Print the entries verbatim, leaving out the images they contain.

▬▬▬▬▬▬

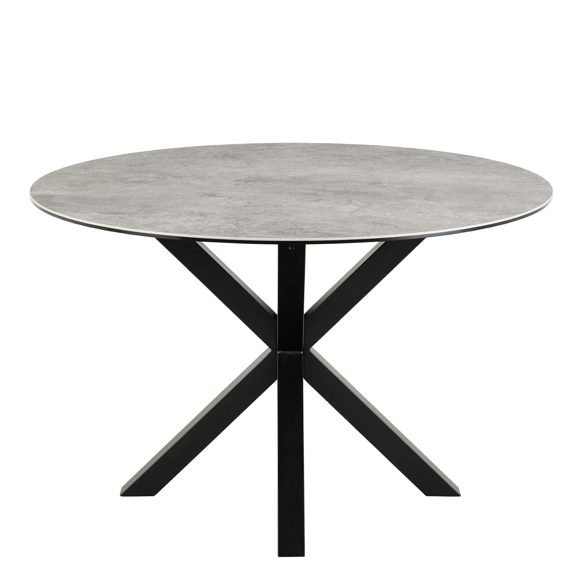 Perth 119cm Grey Ceramic Round Dining Table Industrial Black Metal Legs
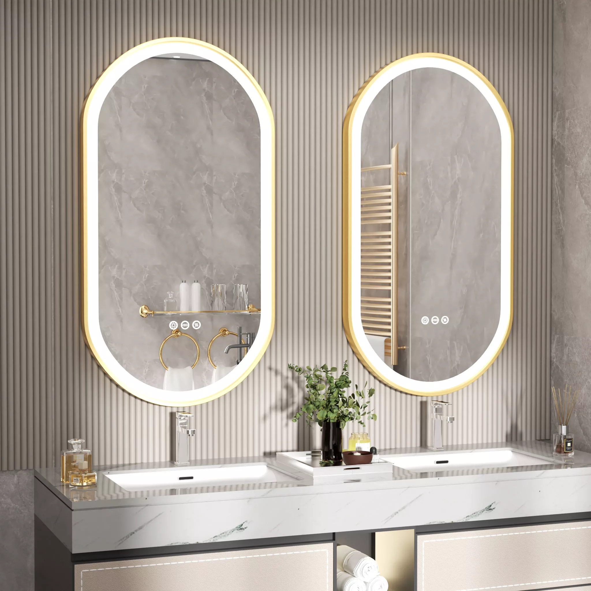 LED Oval Gold Bathroom Mirror with Dimmable Light & Anti-Fog
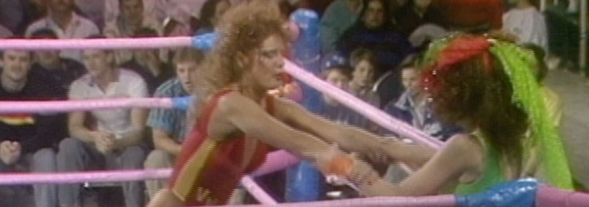 Cheerleading sensation and newcomer Vicky Victory hopes to snag the title from Ninotchka in tonight's main event. Sunny the California Girl fights Daisy and Gremlina, and Mt. Fiji erupts upon Beastie and Habana, with no referee present to curb the chaos. Roxy Astor evades Dementia's axe, and the Country Girls Sally and Babe team up against Godiva and Hollywood.
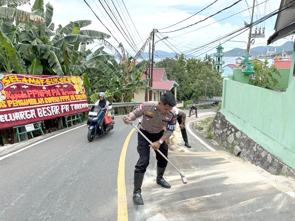 Kasat Lantas Polres Anambas, Iptu Zulfikar Andri, membenarkan kejadian tersebut. Ia menyebut pihaknya langsung turun membersihkan jalan dengan menyiram air sabun agar tidak licin.
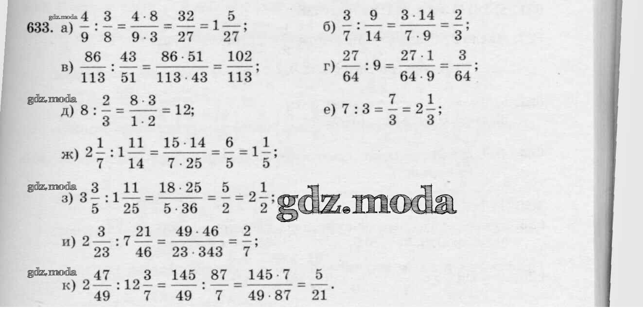 ОТВЕТ на задание № 633 Учебник по Математике 6 класс Виленкин
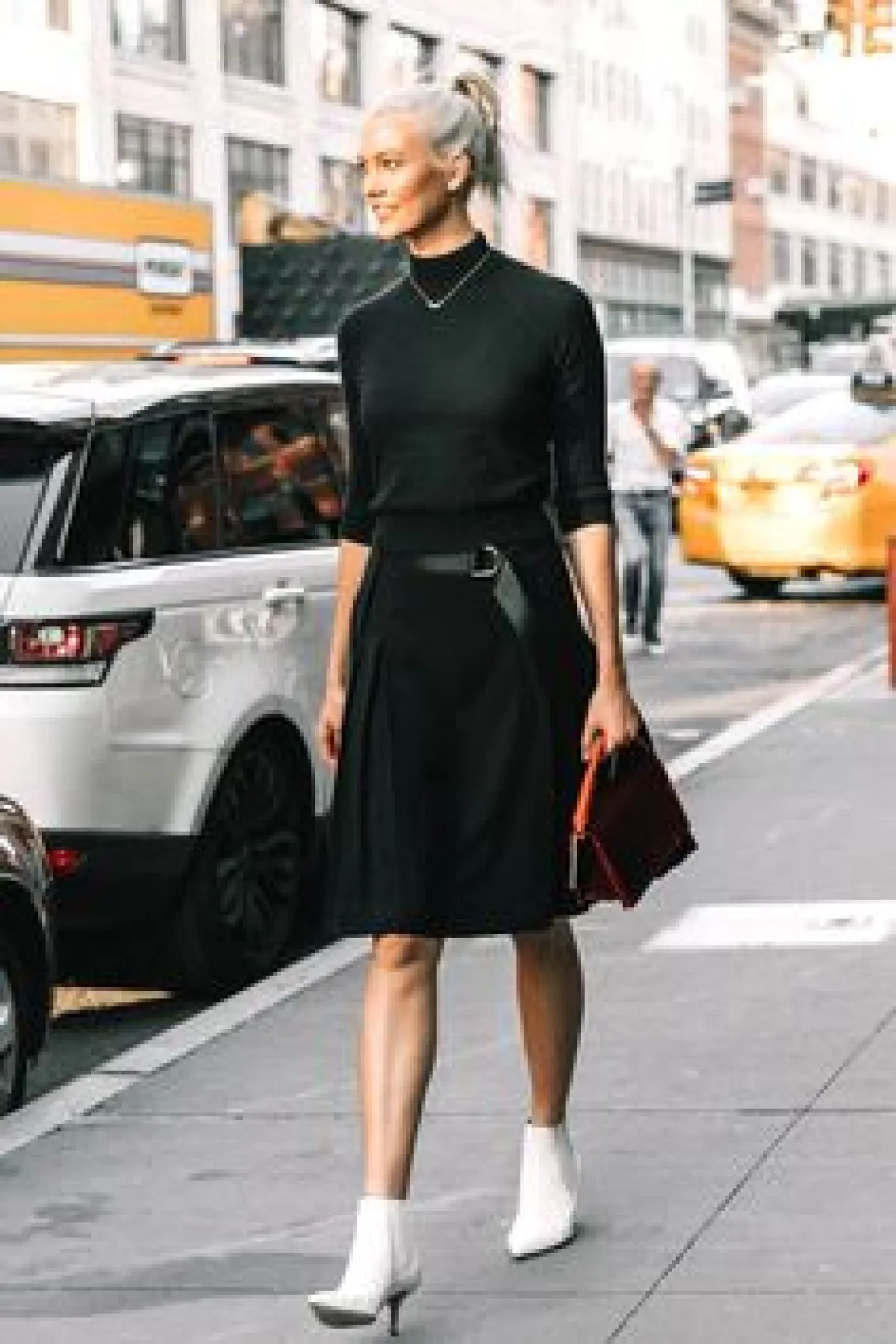 اطلالات المونوكروم هي الأنسب لاطلالة العمل، فنظراً لضيق الوقت لديك خلال انتقائك لملابس العمل، أسهل طريقة هي اختيار اللون الموحد من الرأس الى أخمص القدمين . فيمكنك تنسيق قميص باللون الأسود مع بنطلون رسمي ، وحذاء بكعب مربّع ، أو تنورة ميدي مع توب أسود ، وبوت أبيض .
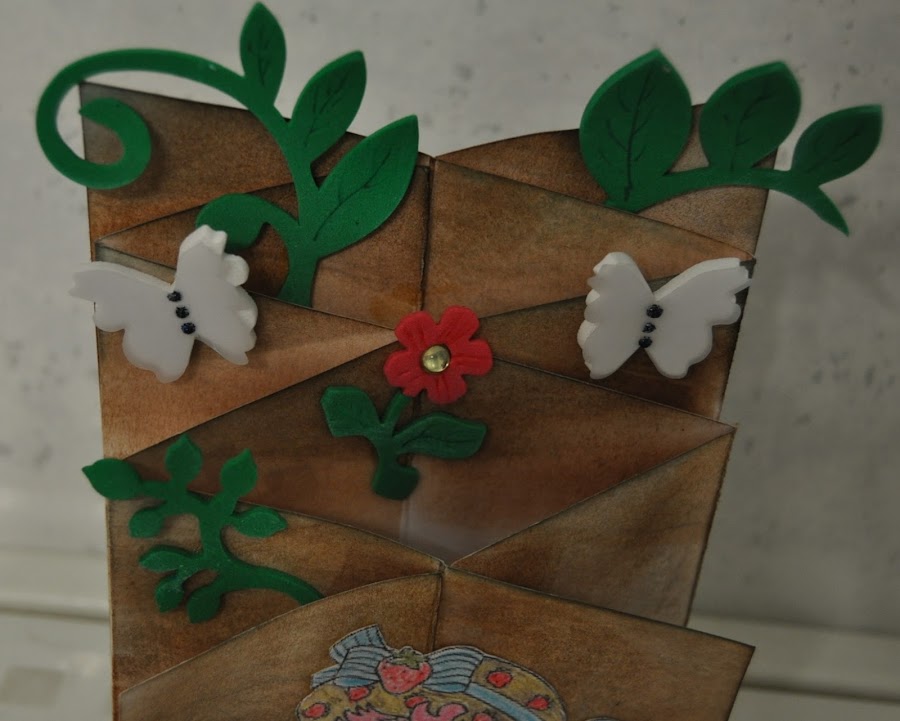 La tarjeta asemeja un paisaje en perspectiva, así que en cada "escalón" del paisaje, fui poniendo flores, hojas y mariposas de goma eva porque quería que tuviera volumen. Las mariposas de goma eva tienen un papel vegetal por encima con unos toques de liquid pearl azul.
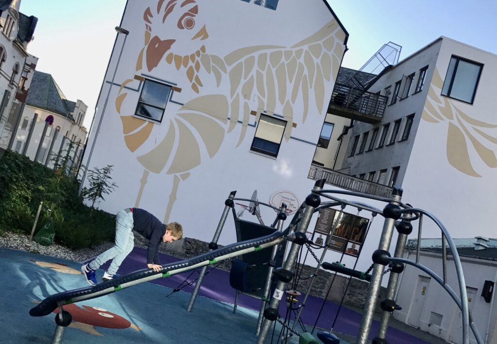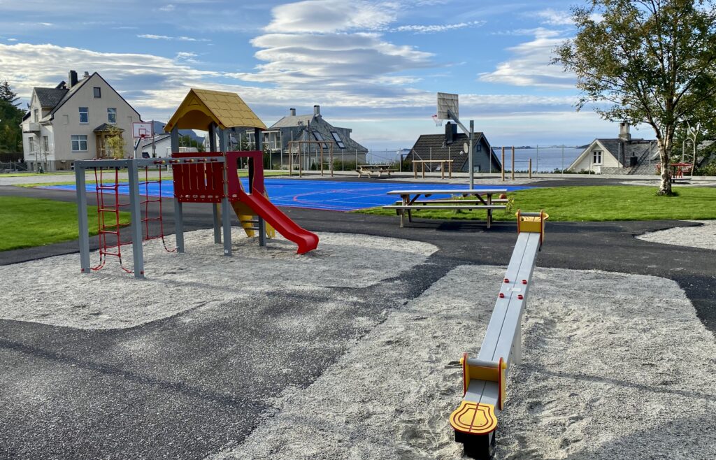 Møteplass med benker, areal for ballspill, stor lekeplass og beplanting på Aspøya. Området som åpnet i 2024 ble utviklet av Ålesund kommune i tett samarbeid med de tre kunstnerne Albin Siggesson, Vilde Vegem og lysdesigner Jesper Kongshaug.
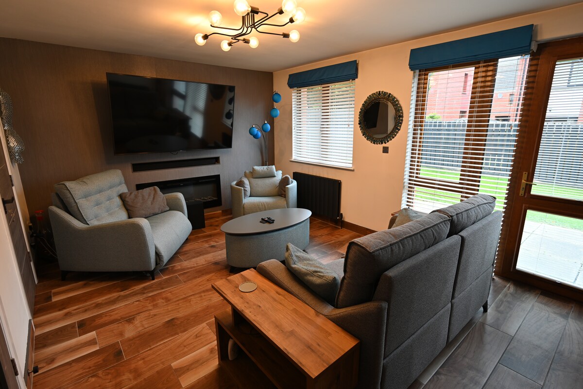 *Please ensure you expand and read through all Additional Policies at the bottom of the listing BEFORE booking. A pre-arrival form will be sent, where you'll add photo ID for all guests, submit card details for the £250 security deposit and sign the House Rules.* Our welcoming pet-friendly home offers 3 bedrooms, 2 bathrooms. Plenty of space to relax in the cosy living room, modern kitchen, or comfy bedrooms. Ideal home for families/groups, free parking and an EV charger for added convenience.
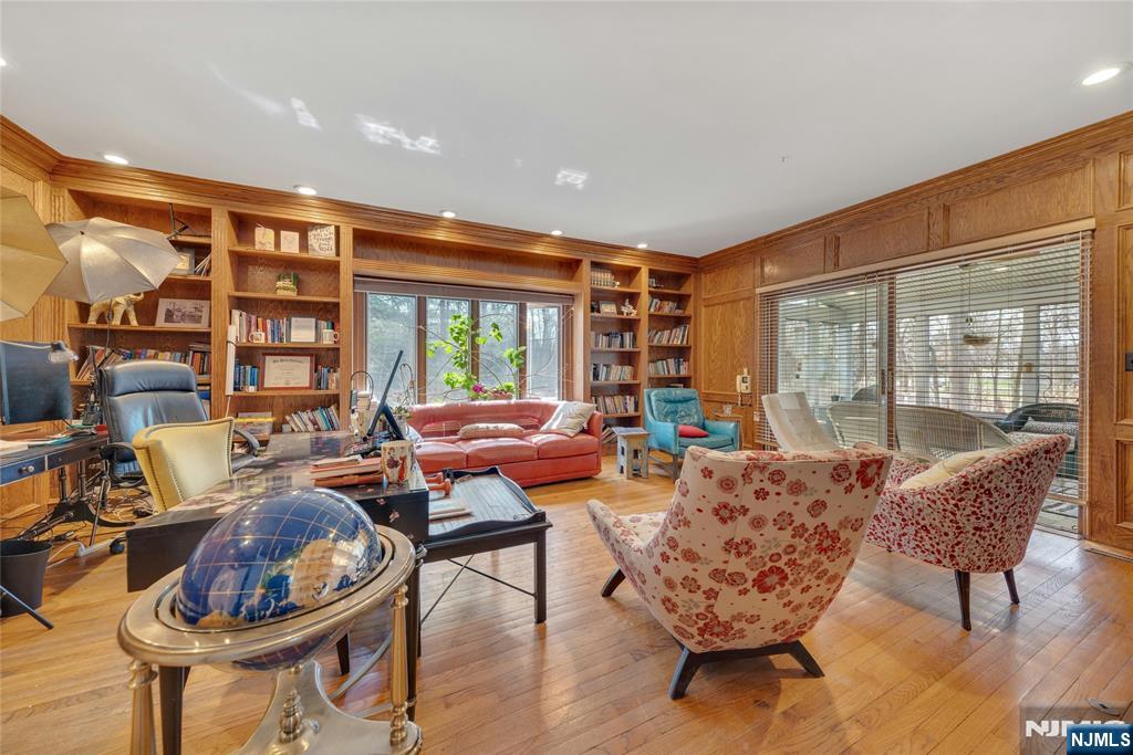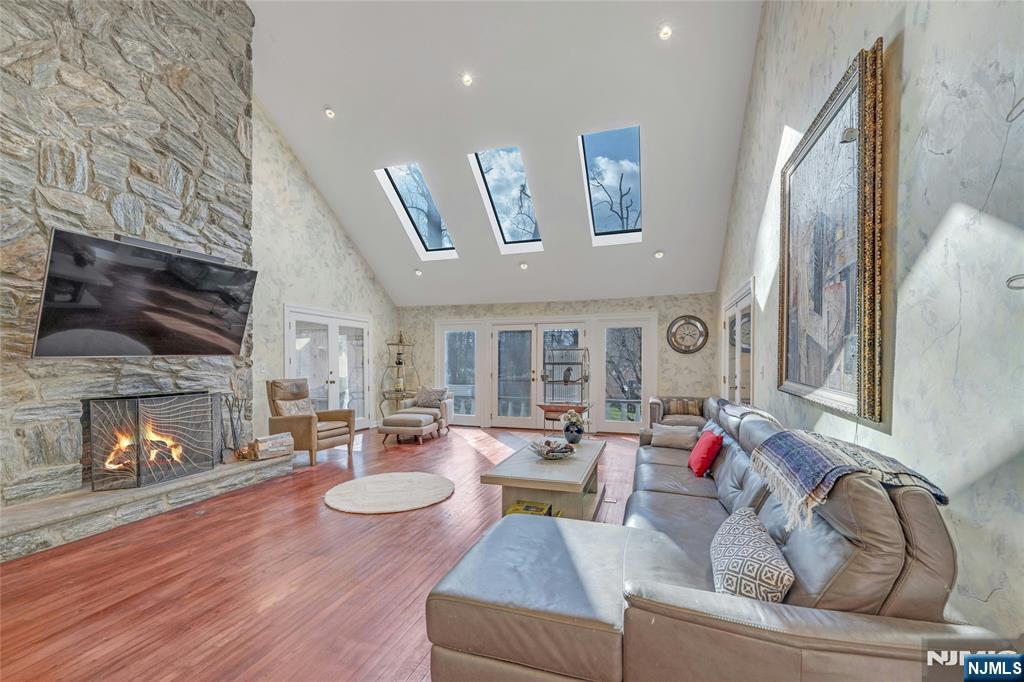Custom-Built Stone & Masonry Stucco Tudor Manor, set on a prime, level, 2-acre lot, framed by mature landscaping, with serene garden waterfall koi pond feature and circular drive, located in the sought-after Burning Hollow neighborhood of prestigious Saddle River. This beautifully designed, 6BR, 6.2 bath spacious home features a grand 2-story marble entry foyer, 4 fireplaces, a huge sunlit great room with soaring 2-story vaulted ceiling, massive stone fireplace, and skylights, and a relaxing screened-in sun porch overlooking the park-like very private backyard. Richly paneled library/office with fireplace. Expansive modern eat-in kitchen with sliding doors to the large deck. Sumptuous primary bedroom suite with fireplace, sitting room retreat w/exclusive access to private enclosed balcony, 2 walk-in closets, and primary bath with sauna, steam shower and sunken tub. Exceptional functional floorplan with generously proportioned rooms, bathed in natural light. Third floor bonus hobby room. Full finished LL with spa room, bath, and more. Gorgeous custom Sylvan pool and spa, wrap-around flagstone patio, 3-car garage with lifts to accommodate 6 vehicles, newer roof and HVAC, the list goes on!
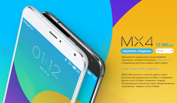 Официальный российский сайт Meizu в России начал принимать предварительные заказы на флагманский смартфон MX4. Версия с 16 гигабайтами встроенной памяти будет стоить 15990 рублей, а с 32-гигабайтным накопителем 17990 рублей. В продажу они поступят в октябре. Чуть позже выйдет MX4 с 64 гигабайтами памяти по цене 19990 рублей. Те, кто оформят заказ с предоплатой, получат купон на 2000 рублей для покупки аксессуаров.
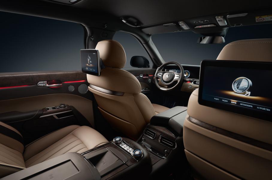 Главное же техническое отличие от прочих моделей Aurus — пневматическая подвеска, которая создает оптимальный дорожный просвет для каждого из видов покрытия, реагирует на скорость движения и управляющие действия рулем. Диапазон составляет от 200 до 260 миллиметров.

▬▬▬▬▬▬

* Answer to this exercise:
 Perth 119cm Grey Ceramic Round Dining Table Industrial Black Metal Legs
 LED Oval Gold Bathroom Mirror with Dimmable Light & Anti-Fog
 Cheerleading sensation and newcomer Vicky Victory hopes to snag the title from Ninotchka in tonight's main event. Sunny the California Girl fights Daisy and Gremlina, and Mt. Fiji erupts upon Beastie and Habana, with no referee present to curb the chaos. Roxy Astor evades Dementia's axe, and the Country Girls Sally and Babe team up against Godiva and Hollywood.
 Kasat Lantas Polres Anambas, Iptu Zulfikar Andri, membenarkan kejadian tersebut. Ia menyebut pihaknya langsung turun membersihkan jalan dengan menyiram air sabun agar tidak licin.
 ОТВЕТ на задание № 633 Учебник по Математике 6 класс Виленкин
 اطلالات المونوكروم هي الأنسب لاطلالة العمل، فنظراً لضيق الوقت لديك خلال انتقائك لملابس العمل، أسهل طريقة هي اختيار اللون الموحد من الرأس الى أخمص القدمين . فيمكنك تنسيق قميص باللون الأسود مع بنطلون رسمي ، وحذاء بكعب مربّع ، أو تنورة ميدي مع توب أسود ، وبوت أبيض .
 La tarjeta asemeja un paisaje en perspectiva, así que en cada "escalón" del paisaje, fui poniendo flores, hojas y mariposas de goma eva porque quería que tuviera volumen. Las mariposas de goma eva tienen un papel vegetal por encima con unos toques de liquid pearl azul.
 Møteplass med benker, areal for ballspill, stor lekeplass og beplanting på Aspøya. Området som åpnet i 2024 ble utviklet av Ålesund kommune i tett samarbeid med de tre kunstnerne Albin Siggesson, Vilde Vegem og lysdesigner Jesper Kongshaug.
 *Please ensure you expand and read through all Additional Policies at the bottom of the listing BEFORE booking. A pre-arrival form will be sent, where you'll add photo ID for all guests, submit card details for the £250 security deposit and sign the House Rules.* Our welcoming pet-friendly home offers 3 bedrooms, 2 bathrooms. Plenty of space to relax in the cosy living room, modern kitchen, or comfy bedrooms. Ideal home for families/groups, free parking and an EV charger for added convenience.
Custom-Built Stone & Masonry Stucco Tudor Manor, set on a prime, level, 2-acre lot, framed by mature landscaping, with serene garden waterfall koi pond feature and circular drive, located in the sought-after Burning Hollow neighborhood of prestigious Saddle River. This beautifully designed, 6BR, 6.2 bath spacious home features a grand 2-story marble entry foyer, 4 fireplaces, a huge sunlit great room with soaring 2-story vaulted ceiling, massive stone fireplace, and skylights, and a relaxing screened-in sun porch overlooking the park-like very private backyard. Richly paneled library/office with fireplace. Expansive modern eat-in kitchen with sliding doors to the large deck. Sumptuous primary bedroom suite with fireplace, sitting room retreat w/exclusive access to private enclosed balcony, 2 walk-in closets, and primary bath with sauna, steam shower and sunken tub. Exceptional functional floorplan with generously proportioned rooms, bathed in natural light. Third floor bonus hobby room. Full finished LL with spa room, bath, and more. Gorgeous custom Sylvan pool and spa, wrap-around flagstone patio, 3-car garage with lifts to accommodate 6 vehicles, newer roof and HVAC, the list goes on!
 Официальный российский сайт Meizu в России начал принимать предварительные заказы на флагманский смартфон MX4. Версия с 16 гигабайтами встроенной памяти будет стоить 15990 рублей, а с 32-гигабайтным накопителем 17990 рублей. В продажу они поступят в октябре. Чуть позже выйдет MX4 с 64 гигабайтами памяти по цене 19990 рублей. Те, кто оформят заказ с предоплатой, получат купон на 2000 рублей для покупки аксессуаров.
 Главное же техническое отличие от прочих моделей Aurus — пневматическая подвеска, которая создает оптимальный дорожный просвет для каждого из видов покрытия, реагирует на скорость движения и управляющие действия рулем. Диапазон составляет от 200 до 260 миллиметров.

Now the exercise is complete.